Predicting View

Predicting View

Dr Jacob Chakareski is working to improve the experience for viewing 360-degree videos.

Project Creates Higher Quality Immersive Internet Videos Without Lag in Streaming

By Adam Jones

Of all the internet has brought, 360-degree videos that let users see around a fixed point are among the coolest. Seeing the entire setting, as if the user is standing there, is an immersive experience.

At its most basic level, a 360-degree video is data just like anything else sent over the wires and cell towers of the internet to our devices. But, a 360-degree video is a lot of data. In fact, it is difficult at the rate data travels over computer networks, called bandwidth, for the entire high-quality video to arrive perfectly at the outset.

As the user views the video sphere, there is often a lag between what comes from the internet and what the users wants to see.

In virtual reality and augmented reality formats, which hold the most exciting applications of 360-video, this lag can cause motion sickness as viewers’ brains and eyes move faster than the video can load, or stream, off the internet.

“It’s too slow because there is a lot of data that your network bandwidth cannot support,” said Dr. Jacob Chakareski, assistant professor of electrical and computer engineering at The University of Alabama.

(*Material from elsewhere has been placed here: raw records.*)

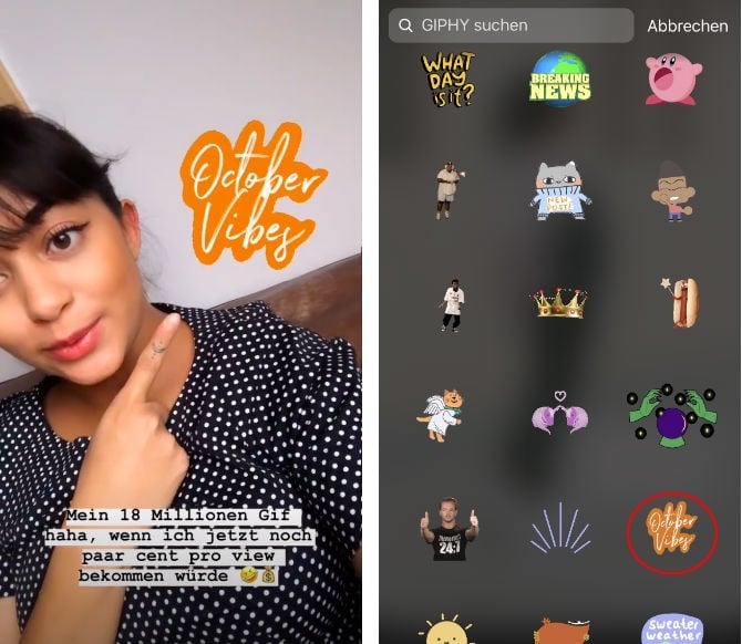 „Ich habe gerade die Statistik meiner GIFs gecheckt und war total baff, weil eines meiner GIFs fast 18 Millionen Aufrufe hat“, berichtet Janika Bubela, bei Instagram als „Yanikasblog“ vor Kurzem ihren Followern in einer Instagram Story. Das von Bubela erstellte GIF, ein Schriftzug „October Vibes“, war offensichtlich in der GIF-Sticker-Suche von Instagrams Story-Camera-Modus unter den aktuellen GIF-Vorschlägen eingeblendet worden. Innerhalb kürzester Zeit sammelte es dadurch Millionen von Aufrufen an.
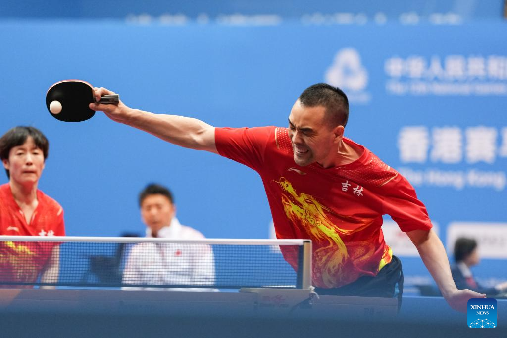 Chai Qingyou(R)/Guo Yumin of Jilin compete during the mixed doubles category TT11 table tennis match at China's 12th National Games for Persons with Disabilities and the 9th National Special Olympic Games in Hong Kong, south China, Dec. 13, 2025. (Xinhua/Zhu Zheng)
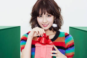 "hirai Momo Radiant In Red While Holding A Gift Box" Wallpaper -
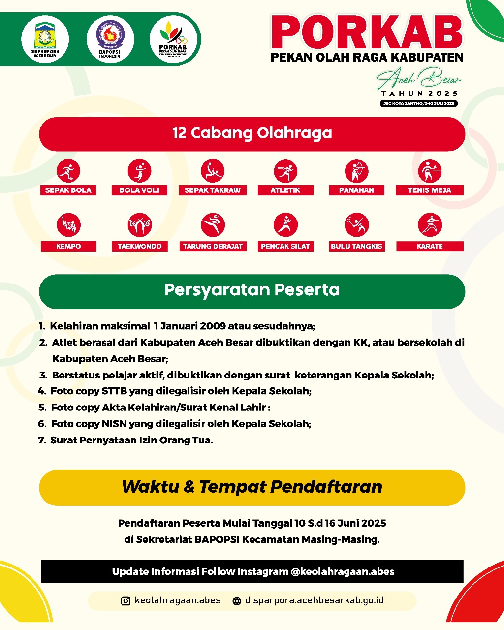 “Kami berharap seluruh peserta memenuhi persyaratan administrasi dengan lengkap agar proses seleksi dan verifikasi berjalan lancar. Untuk informasi lebih lanjut, masyarakat dapat mengakses website kami di disparpora.acehbesarkab.go.id atau melalui akun Instagram @keolahragaan.abes,” pungkas Abdullah.(Wahyu Desmi)
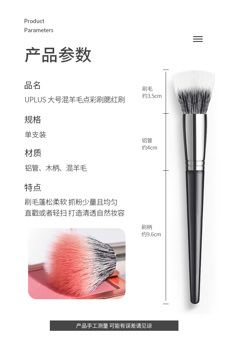 优家(UPLUS)大号混羊毛点彩刷腮红刷 平头动物毛晕染化妆刷高光刷散粉刷
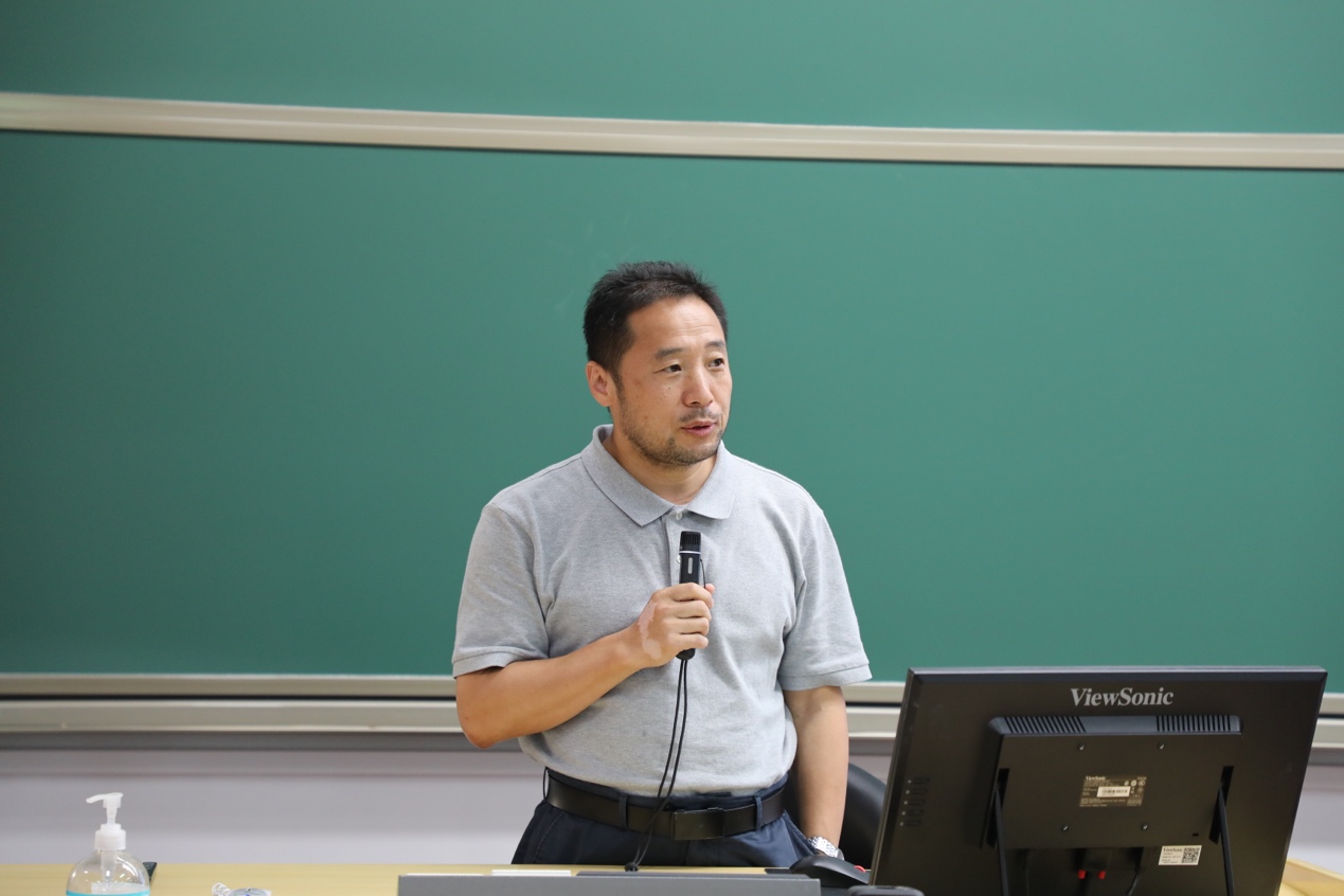 西葡语系助理教授成沫作为军训领队教师代表发言。他结合自己在意大利的学习和工作经历,表达了对军人坚守国防岗位的敬意,也强调了坚持开展军训活动和爱国主义教育的重要意义。
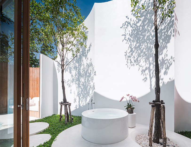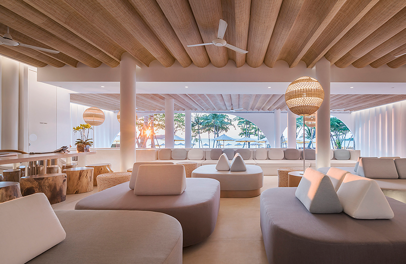 onion’s酒店裝修設計工作室決定在海灘旁留下最大的露天空間。這個庭院的功能就像一個明亮的客廳。沒有試圖控制血液循環??腿丝梢噪S心所欲地四處走走。圓圈是正確的。圓形游泳池周圍的沙發床和遮陽傘沒有方向。沒有特別的地方可以進入游泳池??腿丝梢宰冢呗?,躺在任何地方的任何地方,無論水位是什么姿勢。游泳池的地板逐漸向斜墻傾斜。
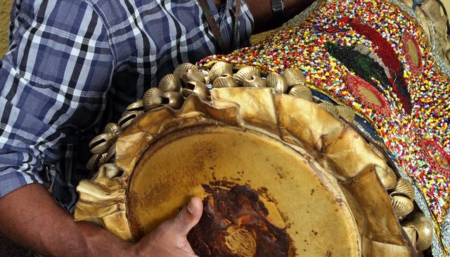Before new drums can be used at important ceremonies, they must be consecrated. During this ritual, priests invest them with a spiritual force and give them a name and a voice. Consecrated drums may only be played by members of a special spiritual fraternity.
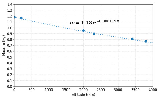 then if we assume that V = 1 m3, the mass at sea level is m0 = 1.20 kg, which means that the air mass as a function of altitude is given by
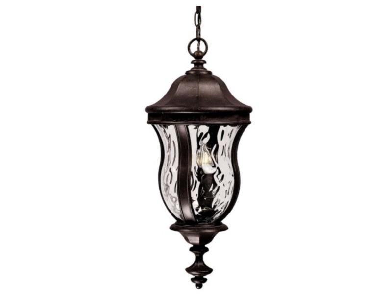 Outdoor lighting with charming traditional style and finely crafted details thats the Monticello, designed by Karyl Pierce Paxton and constructed with high quality engineering by Savoy House. The lantern has a graceful bell shape, with a curved, tiered roof, matching multi-tiered finial, and decorative ring attachment to the chain and the entire frame has a stately, bronze-like, walnut patina finish. The shade is made of gorgeous, clear, water glass, adding to the timeless appeal. Three 40W, C-style bulbs within, illuminate the exterior of your home with a welcoming glow. This 10" wide, 24" high hanging lantern brings classic style to your porch, patio, sunroom, pergola, and other covered living areas in your yard and garden.
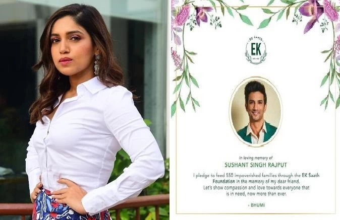 Bhumi Pednekar just took to her social media account and announced that she will be feeding 550 in the memory of co-star from Sonchiriya. She shared a picture message, which read, “I pledge to feed 550 impoverished families through Ek Saath Foundation in the memory of my dear friend. Let’s show compassion and love towards everyone that is in need, now more than ever”
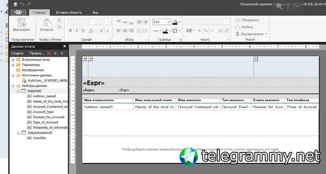 ты видимо просто не туда впихиваешь текст. я мучался немного на файле mof помню, т.к. тоже в синтаксисе какой-то косяк был. и вот на этом отчете.. не мог найти где это поле "текст"
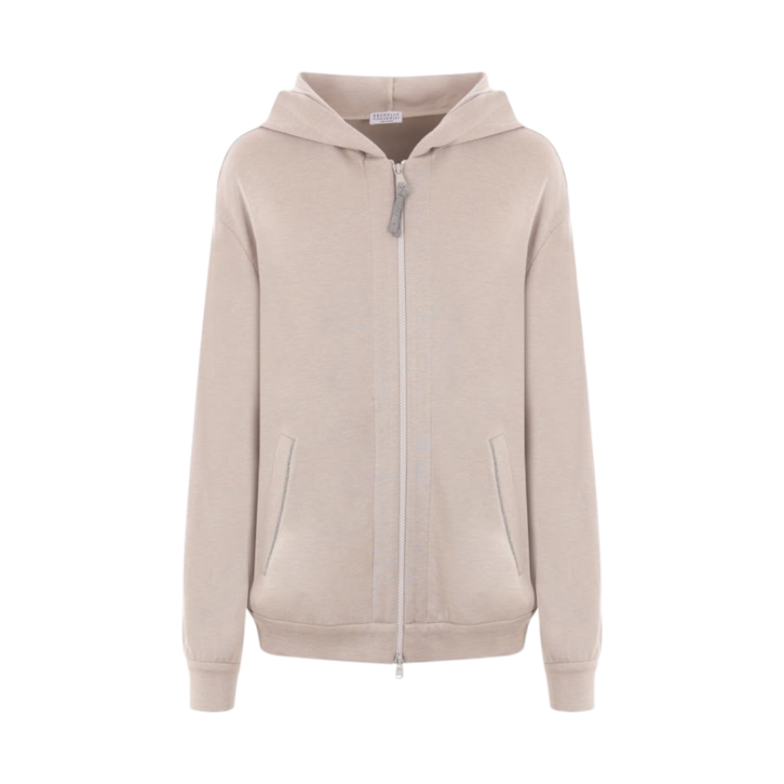 (W) 브루넬로 쿠치넬리 코튼 실크 인터로크 프레셔스 지퍼 풀 후드 스웨트셔츠 베이지

Ridvan Aksu, a graduate student in electrical and computer engineering, demonstrates using a 360-video on a virtual reality headset.

In his lab, Chakareski is developing a method to smooth this hang up by predicting where users will view, sending a smaller, high-quality spatial segment of the 360-degree video panorama for the areas likely to be viewed and a low-quality version for the parts of the video unlikely to be navigated by the user.

“As you are exploring the content on a virtual reality, head-mounted display, we only send you the present 360 panorama segment of interest in high quality, and the rest is streamed in low quality, and that prevents motion sickness and enhances the quality of immersion experience for the user,” Chakareski said.

The work received the attention of Adobe, which gave Chakareski the Data Science Research award in fall 2017 and invited him to its upcoming Digital Experience Research Symposium at the company’s headquarters near Silicon Valley in September.

Currently, gaming, education and training, and entertainment are the main applications for virtual or augmented reality (VR/AR), but it is anticipated that other industries will adopt the technology. Environmental and weather sciences, disaster relief, transportation, search and rescue, and remote sensing for a range of applications are potential adopters.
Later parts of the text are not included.